I checked out the documentary Anarchism in America from the library and gave it a watch last night. As an overview of American anarchism, it’s pretty superficial, and too deferential to the halloween-costume anarchism of punk rock. But the movie has its moments, and includes good interviews with a couple of tax resisting anarchists: Karl Hess and Ed Hedemann.
As it turns out, I could have spared myself a trip to the bookmobile. The documentary is on-line:
Being as it’s and all, I thought might be a good time for a visit from The Anarchy Boogeyman.
I’ll be taking the bold and ridiculous step of defining anarchism as properly understood and thereby infuriating generations of anarchists, almost none of whom, as far as I know, would agree with me.
That said… while everybody knows that anarchism is a bit of an extreme, “out there” political philosophy, I think that most people actually underestimate just how out there it is, and make the mistake of seeing it as a merely quantitatively different edge-case that more-or-less plays the same game on the same playing field as other political philosophies.
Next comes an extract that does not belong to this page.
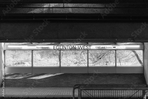 Fototapeta premium black and white representation, interior sign of Eglinton West subway...

Then they judge it according to that standard. This leads to misunderstandings.
I’ll try to explain. Just about every other political philosophy can be best defined by reference to an ideal, utopian state, and by a process for approximating it in the real world. These philosophies can then be judged by the desirability of this ideal state, the likelihood that we might be able to get close to that state, and what the cost of doing so would be.
So, for instance, a proponent of monarchism might define it as a system that features one single authority figure where the buck stops, who has more-or-less absolute authority (perhaps bounded by tradition or common decency), a well-defined line of succession that keeps trouble at bay, and what have you. Real-world monarchies, then, can be judged against this standard: does the monarch have ultimate authority, or is this authority diluted or countered by other institutions? is there a well-defined line of succession or are there various pretenders to the throne with their own teams of intriguers? and so on.
Democracy, constitutional republicanism, communism, democratic socialism, fascism… whatever you can think of — they can all be evaluated in this way. But anarchism — as properly understood mind you — cannot. And because its opponents, and frequently its proponents, do not understand this, they tend to misunderstand anarchism and distort it and make it ridiculous.
Anarchism is not a utopian end state and a method for getting there. It is not something of the sort that is appropriately judged by searching for existing or possible quasi-anarchies and comparing them to an ideal “anarchy.”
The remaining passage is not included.